# Sessions

Drill into a single entry, see its surrounding context, browse a whole session, and resume the conversation in any tool.

Rendered page: https://agentrelay.com/docs/loop/sessions
Markdown endpoint: https://agentrelay.com/docs/loop/markdown/sessions.md

---

Search gets you to an entry; sessions get you the whole story behind it. Once you have an entry ID from [search](/docs/loop/search), three commands let you zoom from a single prompt out to the full conversation — and then jump back into it in the original tool.

## Show a single entry

`show` takes an entry ID and prints the full prompt, its metadata, the session it belongs to, and — crucially — the exact command to resume it:

```bash
ai-hist show 4521
```

This is the command to reach for first. The resume command it prints is built for the tool that recorded the session, with the right project directory and session ID already filled in.

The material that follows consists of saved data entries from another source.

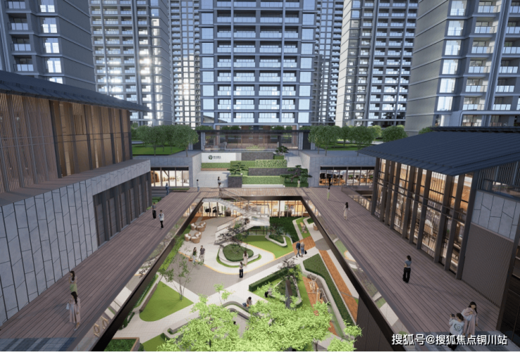 以“邻里不一样”的主题定位,采用“多首层、开放式”建筑布局,于用地南侧打造出功能复合、空间多样的邻里中心型TOD,成为承载“新邻里”内涵的社区空间。摆脱传统盒子式商业形态,采用街巷式布局,打造7000平方米开放式街区,以连廊进行功能衔接,结合景观、休闲设施打造舒适的商业配套空间及全天候社区聚场,为周边居民提供舒适的惬意空间,激活了住区人文生机和商业活力,成为了居民除家和公司、学校外的第三生活空间。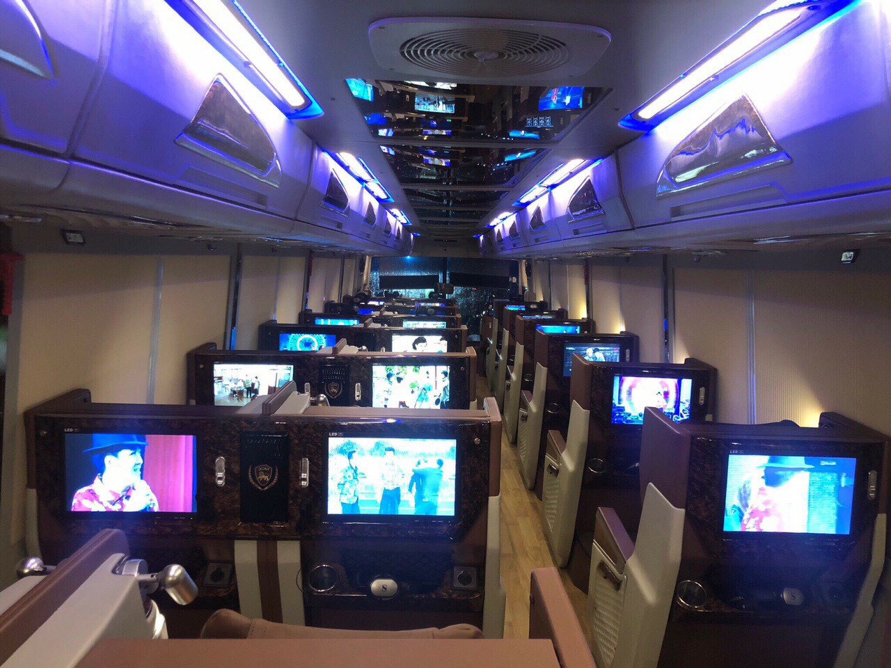 Bạn không cần lo lắng vì không có mạng, wifi để cập nhật thông tin nhé, đầy đủ cho bạn hơn nữa wifi trên xe có tốc độ nhanh nên bạn thoải mái cày những phim nặng.Mỗi chiếc ghế sẽ có cổng USB để cắm sạc dễ dàng, tránh điện thoại hết pin khi bạn vừa đến nơi. Bên cạnh đó, xe còn được trang bị tủ lạnh để hành khách có thể ướp lạnh thức uống, giải khát tốt hơn. Mỗi bạn đều được tặng 1 chai nước và 1 khăn lạnh nên cứ yên tâm nhé. Dàn máy giải trí cũng rất “oách” với Tivi và loa sony cho âm thanh sống động, hình ảnh sắc nét để bạn xem phim, xem hài… giải trí thỏa thích khi di chuyển trên xe.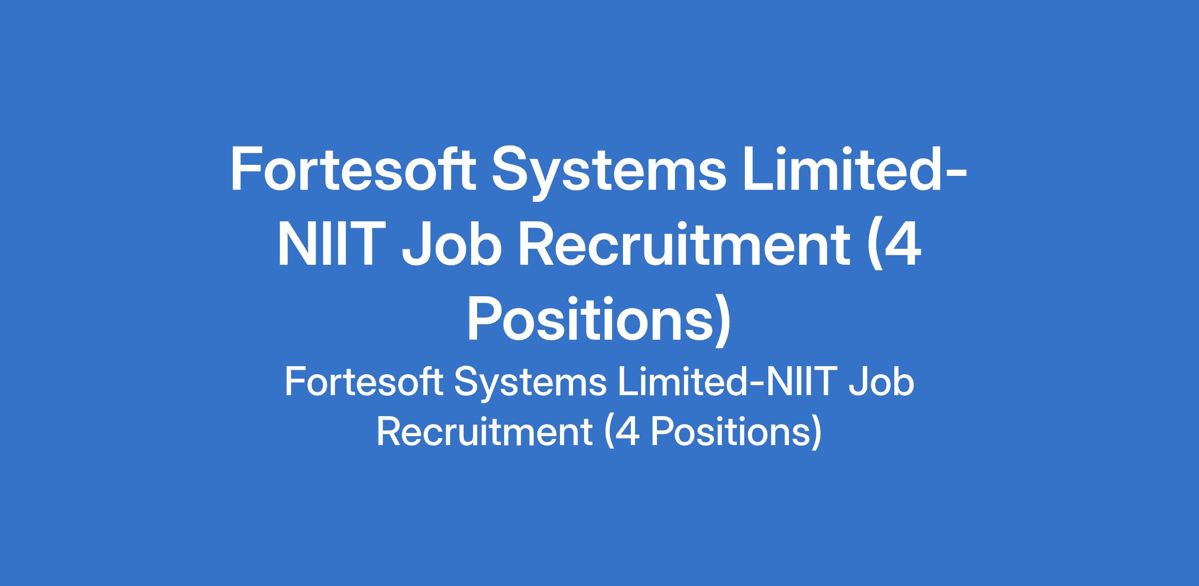 Fortesoft Systems Limited-NIIT Job Recruitment (4 Positions)

## See surrounding context

`context` shows what else was happening around an entry: other entries from the same session, plus nearby entries within a time window.

```bash
ai-hist context 4521
ai-hist context 4521 --window 15   # widen to a 15-minute window (default: 5)
```

This is useful when one prompt only makes sense alongside the steps before and after it — the failed attempt, the fix, the follow-up.

## Browse a whole session

When you want the full conversation, pass a session ID to `session`:

```bash
ai-hist session abc-1234-def
ai-hist session abc-1234-def --full   # no truncation
```

By default long prompts are truncated for readability. Add `--full` to see every prompt in full.

## Resume in any tool

The fastest path back into a conversation is to copy the resume command printed by `ai-hist show <id>`. The shape depends on the recording tool:

```bash
cd /path/to/project && claude --resume <session_id>          # Claude Code
codex resume <session_id>                                     # Codex
cd /path/to/project && cursor-agent --resume=<session_id>     # Cursor
```

Note that Claude Code and Cursor expect you to be in the project directory first, which is why the printed command includes the `cd`. The placeholder `<session_id>` is filled in for you by `ai-hist show`.

> Don't hand-build resume commands. `ai-hist show <id>` already knows the source, the project path, and the session ID, and prints the exact command for that tool.